> Work required: Of the material below, only the lines from the line containing "سَأَلْتُمُوهُنَّ مَتَاعًا) الآية." down to the line containing "熱烈祝賀中國(guó)交通通" belong in the answer, written out exactly.

> The data:
╔══
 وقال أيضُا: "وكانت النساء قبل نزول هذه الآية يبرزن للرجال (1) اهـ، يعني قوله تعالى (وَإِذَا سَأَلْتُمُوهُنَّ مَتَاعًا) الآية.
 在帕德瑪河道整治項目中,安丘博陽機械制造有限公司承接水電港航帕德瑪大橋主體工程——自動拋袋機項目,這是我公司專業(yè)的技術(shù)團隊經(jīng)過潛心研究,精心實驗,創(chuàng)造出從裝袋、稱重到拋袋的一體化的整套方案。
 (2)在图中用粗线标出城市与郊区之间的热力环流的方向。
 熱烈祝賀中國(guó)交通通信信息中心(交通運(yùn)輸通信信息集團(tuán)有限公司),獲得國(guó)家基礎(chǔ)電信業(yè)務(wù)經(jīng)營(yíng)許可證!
╚══
╔══
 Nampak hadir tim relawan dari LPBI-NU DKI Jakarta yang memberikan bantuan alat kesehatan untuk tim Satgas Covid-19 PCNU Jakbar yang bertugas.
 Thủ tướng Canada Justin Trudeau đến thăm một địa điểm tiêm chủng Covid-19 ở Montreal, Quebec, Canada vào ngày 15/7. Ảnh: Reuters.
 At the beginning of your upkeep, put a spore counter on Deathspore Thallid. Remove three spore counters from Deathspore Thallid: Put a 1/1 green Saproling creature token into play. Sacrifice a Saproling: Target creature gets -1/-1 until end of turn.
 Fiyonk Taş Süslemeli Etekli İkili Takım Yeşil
╚══
> Response box:
 وقال أيضُا: "وكانت النساء قبل نزول هذه الآية يبرزن للرجال (1) اهـ، يعني قوله تعالى (وَإِذَا سَأَلْتُمُوهُنَّ مَتَاعًا) الآية.
 在帕德瑪河道整治項目中,安丘博陽機械制造有限公司承接水電港航帕德瑪大橋主體工程——自動拋袋機項目,這是我公司專業(yè)的技術(shù)團隊經(jīng)過潛心研究,精心實驗,創(chuàng)造出從裝袋、稱重到拋袋的一體化的整套方案。
 (2)在图中用粗线标出城市与郊区之间的热力环流的方向。
 熱烈祝賀中國(guó)交通通信信息中心(交通運(yùn)輸通信信息集團(tuán)有限公司),獲得國(guó)家基礎(chǔ)電信業(yè)務(wù)經(jīng)營(yíng)許可證!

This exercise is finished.